→ Action item: The answer must be the lines from the one that holds "이상범 감독의 하나은행은" through the final line of the data, copied exactly, with no pictures.

→ Data extract:

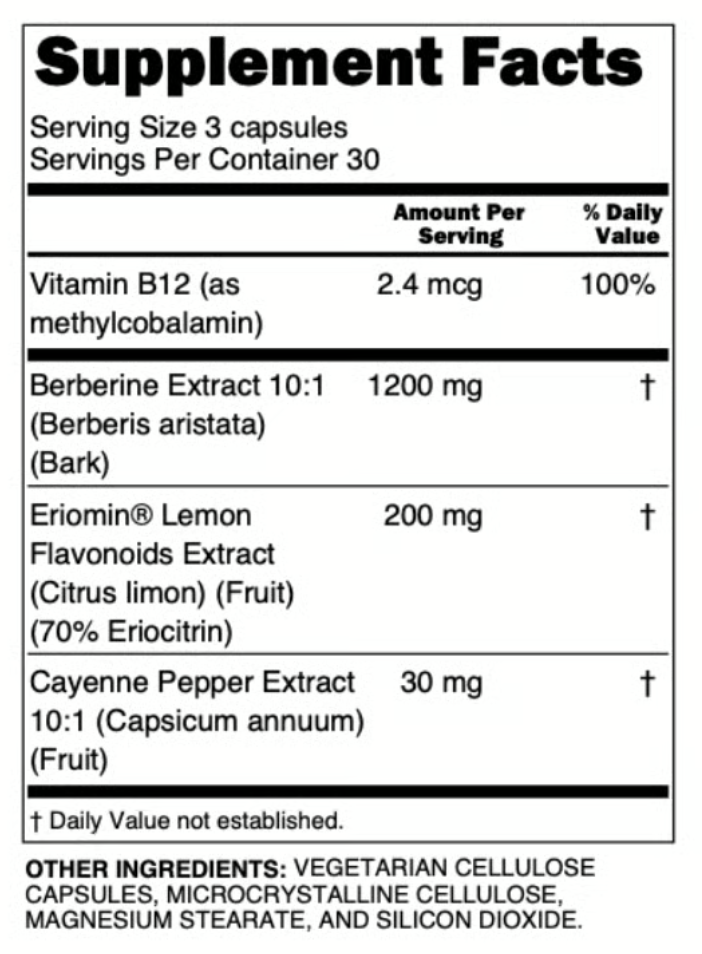It combines Eriomin®, clinically shown to raise GLP-1 levels, with Berberine to support metabolism and Capsaicin to promote GLP-1 release. Together, they help manage cravings, support blood sugar, and boost calorie burn.
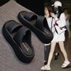 Sandálias e chinelos de sola grossa femininos verão para uso externo 2024 nova moda estilo fada bico duplo aberto chinelos de salto alto de alta qualidade
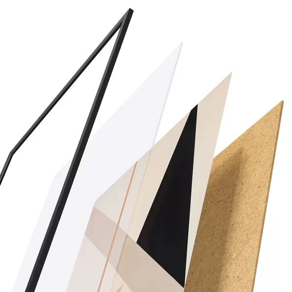 Plakát se skládá z rámu, plexiskla, tištěného obrazu a dřevotřískového podkladu. Díky úchytům na zadní straně lze plakát ihned zavěsit na zeď.
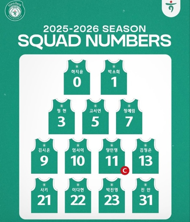 이상범 감독의 하나은행은 14일 구단 SNS를 통해 2025~2026시즌 등번호를 발표했다.
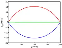 Stress ()Displacement and stresses along for a rectangular plate with mm, mm, mm, GPa, and under a load kPa. The red line represents the bottom of the plate, the green line the middle, and the blue line the top of the plate.
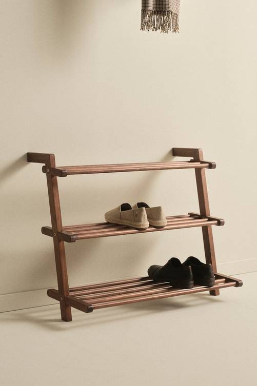 Skohylla av FSC-certifierad furu. Denna väggmonterade skohyllan är i stilren, nordisk design med tre hyllor för skor. Modellen är praktisk då skohyllan står på golvet och monteras mot väggen i överkant. Väggfästena är dolda så du får snygg montering. Viss montering krävs. Produkten är certifierad med FSC vilket innebär att den består av trä som är avverkat från ett ansvarsfullt skogsbruk som tar hänsyn till människor och miljö. Material: Furu. Storlek: Höjd 65 cm, bredd 80 cm, djup 42 cm. Hylldjup nederst 30 cm, mitten 22,5 cm, överst 15 cm. Skötselråd: Torkas av med lätt fuktad trasa. Tips/råd: Skapa ordning i din hall och komplettera med en praktisk klädhängare.
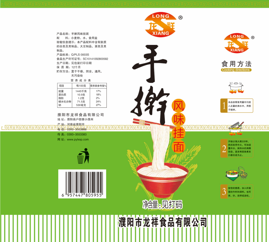 濮陽市龍祥食品有限公司位于河南省濮陽縣戶部寨鎮(zhèn)小濮州,始建于1994年,前期投資200萬元,經(jīng)過幾年的努力,大力開發(fā)市場,由于市場的需求量急劇上升,出現(xiàn)供不應(yīng)求,于2004年擴(kuò)建,建成一座新型的現(xiàn)代化面粉加工企業(yè),并擁有全國先進(jìn)全自動生產(chǎn)設(shè)備一套,產(chǎn)量由以前的100噸/天,提高到現(xiàn)在400噸/天。 2012年再次擴(kuò)大規(guī)模申請為濮陽市龍祥食品有限公司,注冊資金500萬元。2012年又投資800萬元新建掛面生產(chǎn)線一條,日產(chǎn)掛面50噸。龍祥食品有限公司現(xiàn)有職工120余人,總工程師1人,專業(yè)技術(shù)人員10人,經(jīng)濟(jì)師1人,會計師1人,銷售人員2人,優(yōu)秀專業(yè)人員20余人。 龍祥公司自創(chuàng)建以來,社會效益十分可觀。公司一直以“今天的質(zhì)量,明天的市場”為信念,“一切為了客戶需求,竭誠追求完美品質(zhì)”為企業(yè)宗旨,走專業(yè)化經(jīng)營和職業(yè)化管理的路子。
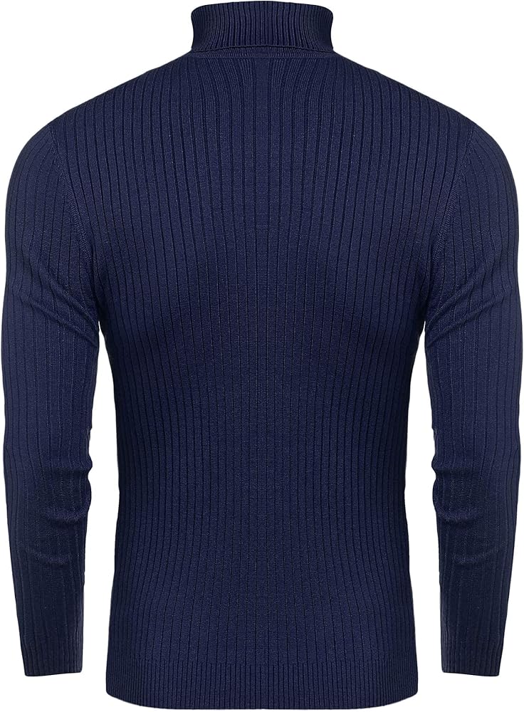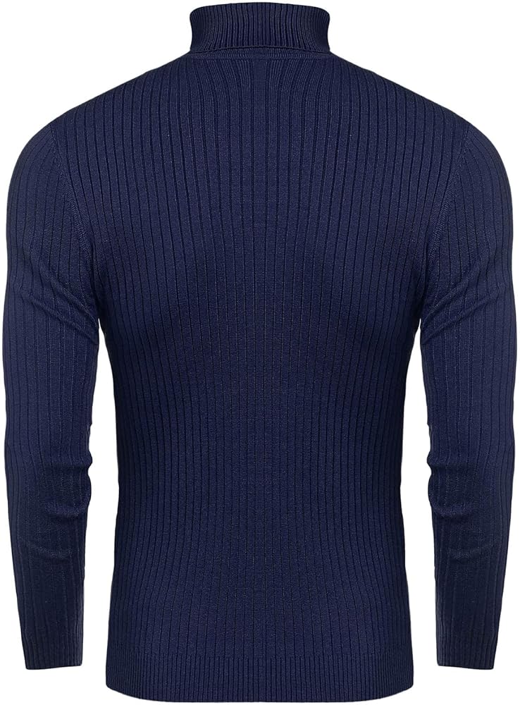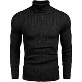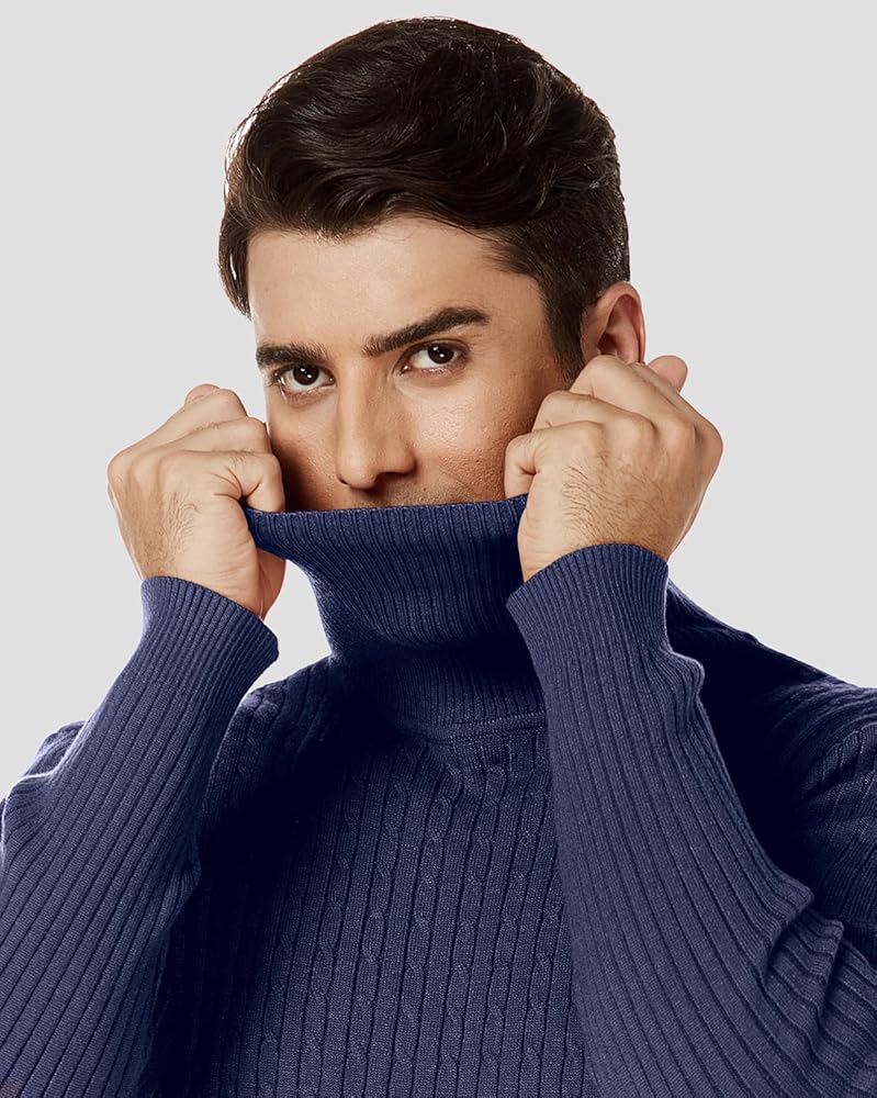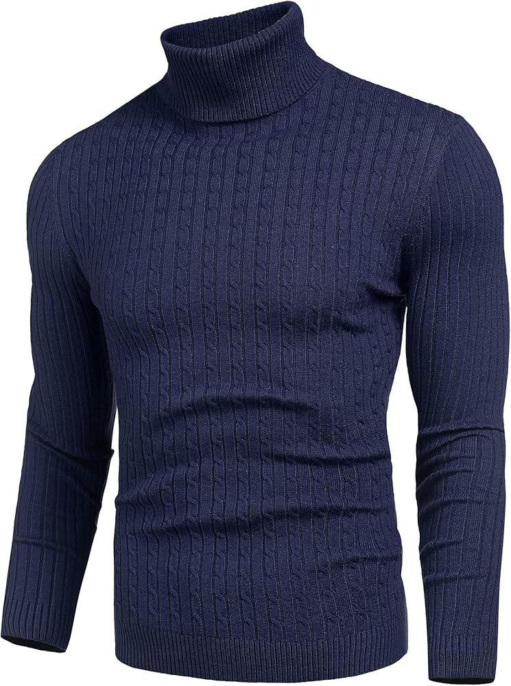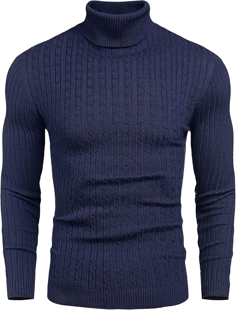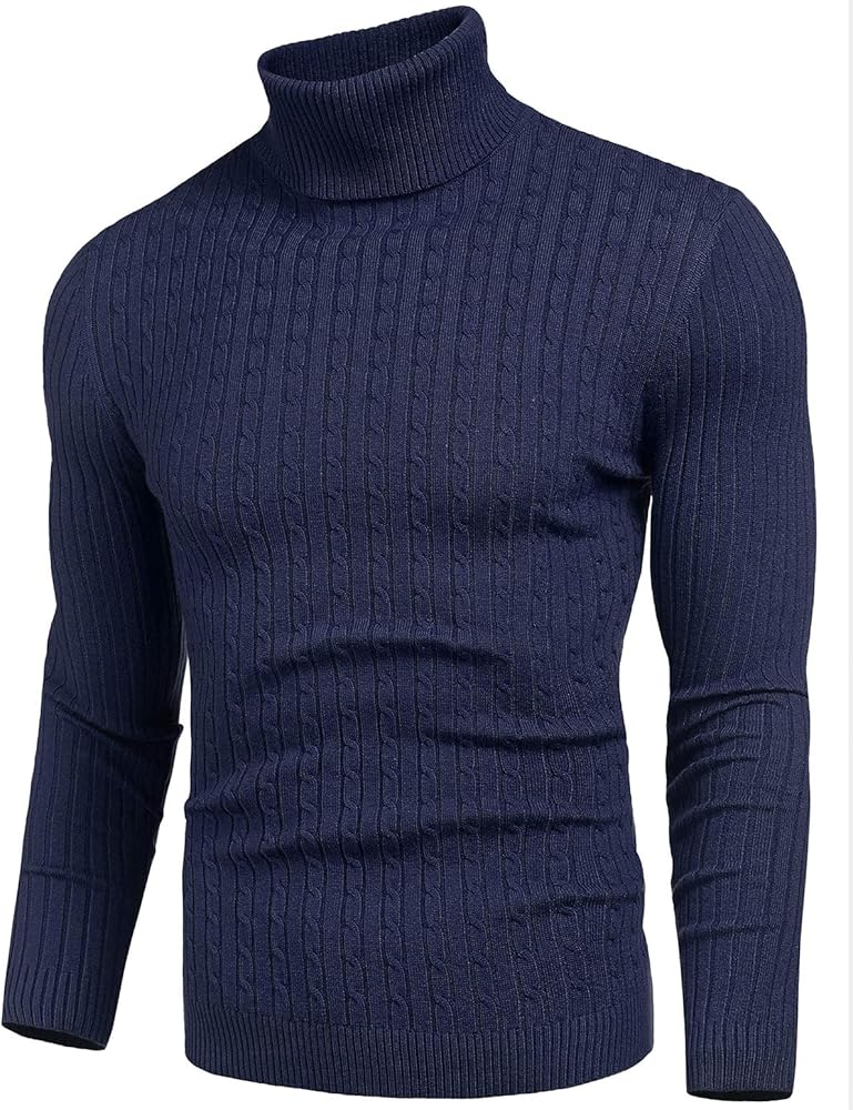 STYLISH DESIGN-- Classic turtleneck style for men, Slim fit, Thick knit trim, Solid color, Long sleeves, Modern basic cable designed pullover sweaters.
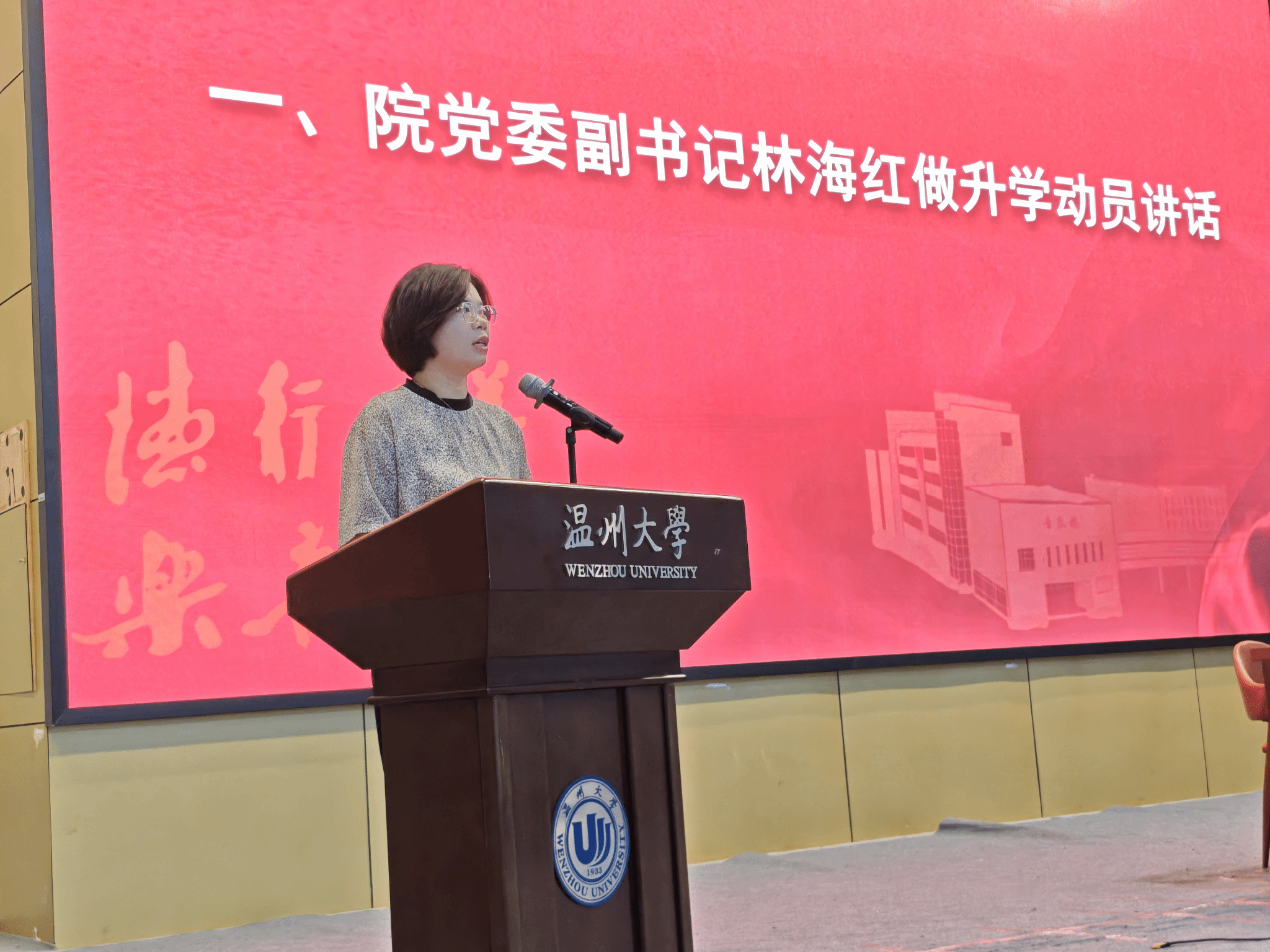 2025年升学(考研、留学)动员大会暨出国留学专题讲座在南校区 9 号楼报告厅成功举办。院党委书记杨振海、党委副书记林海红,全体辅导员出席,大会由院学工办主任胡震鹏主持,大一、大二、大三全体本科学生共同参会。
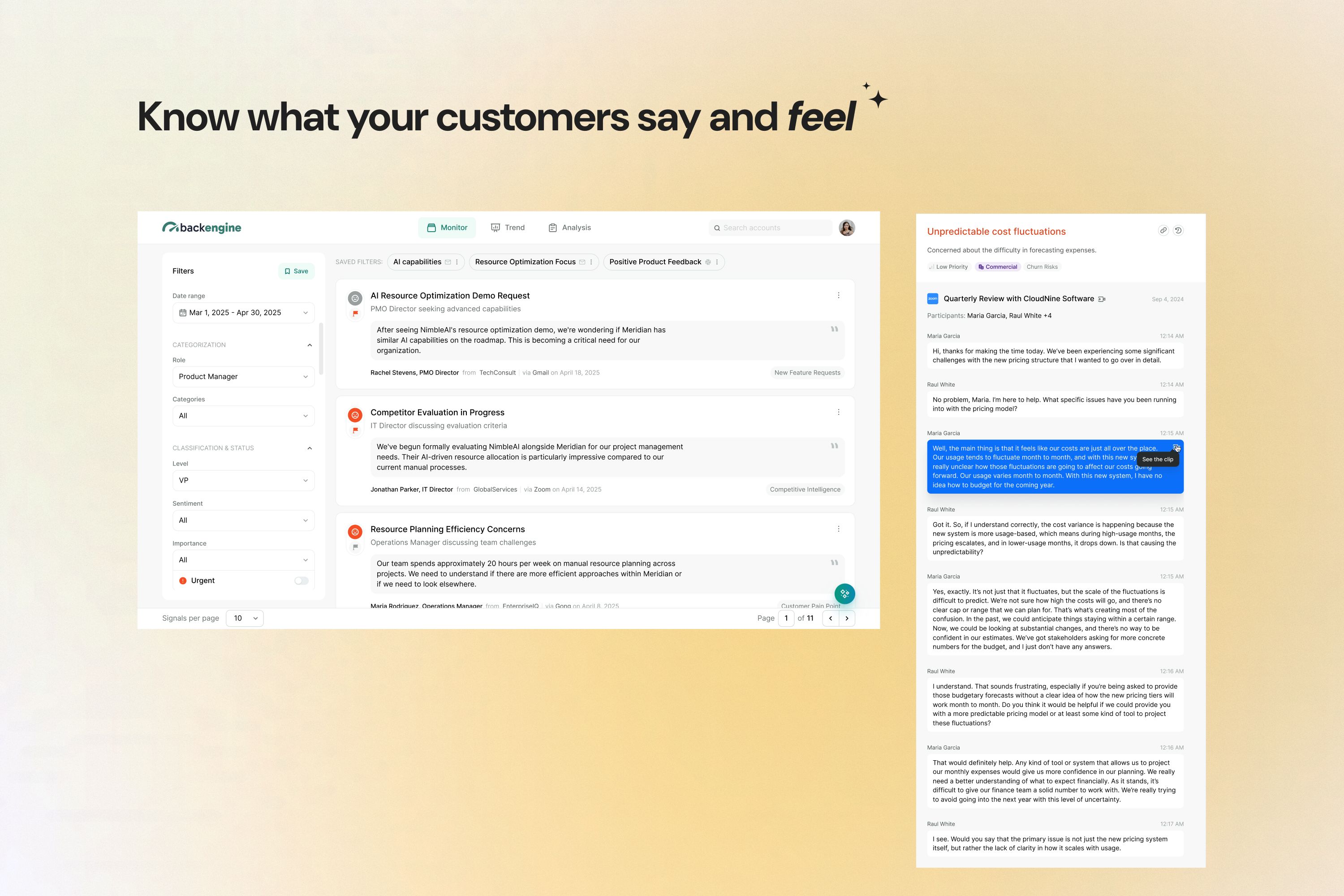 The core UX challenge was transforming massive volumes of unstructured customer communication into signals that were genuinely useful rather than abstract or misleading. Insights had to be meaningful, trustworthy, and grounded in concrete evidence, while avoiding cognitive overload.

→ Exercise solution:
 이상범 감독의 하나은행은 14일 구단 SNS를 통해 2025~2026시즌 등번호를 발표했다.
 Stress ()Displacement and stresses along for a rectangular plate with mm, mm, mm, GPa, and under a load kPa. The red line represents the bottom of the plate, the green line the middle, and the blue line the top of the plate.
 Skohylla av FSC-certifierad furu. Denna väggmonterade skohyllan är i stilren, nordisk design med tre hyllor för skor. Modellen är praktisk då skohyllan står på golvet och monteras mot väggen i överkant. Väggfästena är dolda så du får snygg montering. Viss montering krävs. Produkten är certifierad med FSC vilket innebär att den består av trä som är avverkat från ett ansvarsfullt skogsbruk som tar hänsyn till människor och miljö. Material: Furu. Storlek: Höjd 65 cm, bredd 80 cm, djup 42 cm. Hylldjup nederst 30 cm, mitten 22,5 cm, överst 15 cm. Skötselråd: Torkas av med lätt fuktad trasa. Tips/råd: Skapa ordning i din hall och komplettera med en praktisk klädhängare.
 濮陽市龍祥食品有限公司位于河南省濮陽縣戶部寨鎮(zhèn)小濮州,始建于1994年,前期投資200萬元,經(jīng)過幾年的努力,大力開發(fā)市場,由于市場的需求量急劇上升,出現(xiàn)供不應(yīng)求,于2004年擴(kuò)建,建成一座新型的現(xiàn)代化面粉加工企業(yè),并擁有全國先進(jìn)全自動生產(chǎn)設(shè)備一套,產(chǎn)量由以前的100噸/天,提高到現(xiàn)在400噸/天。 2012年再次擴(kuò)大規(guī)模申請為濮陽市龍祥食品有限公司,注冊資金500萬元。2012年又投資800萬元新建掛面生產(chǎn)線一條,日產(chǎn)掛面50噸。龍祥食品有限公司現(xiàn)有職工120余人,總工程師1人,專業(yè)技術(shù)人員10人,經(jīng)濟(jì)師1人,會計師1人,銷售人員2人,優(yōu)秀專業(yè)人員20余人。 龍祥公司自創(chuàng)建以來,社會效益十分可觀。公司一直以“今天的質(zhì)量,明天的市場”為信念,“一切為了客戶需求,竭誠追求完美品質(zhì)”為企業(yè)宗旨,走專業(yè)化經(jīng)營和職業(yè)化管理的路子。
 STYLISH DESIGN-- Classic turtleneck style for men, Slim fit, Thick knit trim, Solid color, Long sleeves, Modern basic cable designed pullover sweaters.
 2025年升学(考研、留学)动员大会暨出国留学专题讲座在南校区 9 号楼报告厅成功举办。院党委书记杨振海、党委副书记林海红,全体辅导员出席,大会由院学工办主任胡震鹏主持,大一、大二、大三全体本科学生共同参会。
 The core UX challenge was transforming massive volumes of unstructured customer communication into signals that were genuinely useful rather than abstract or misleading. Insights had to be meaningful, trustworthy, and grounded in concrete evidence, while avoiding cognitive overload.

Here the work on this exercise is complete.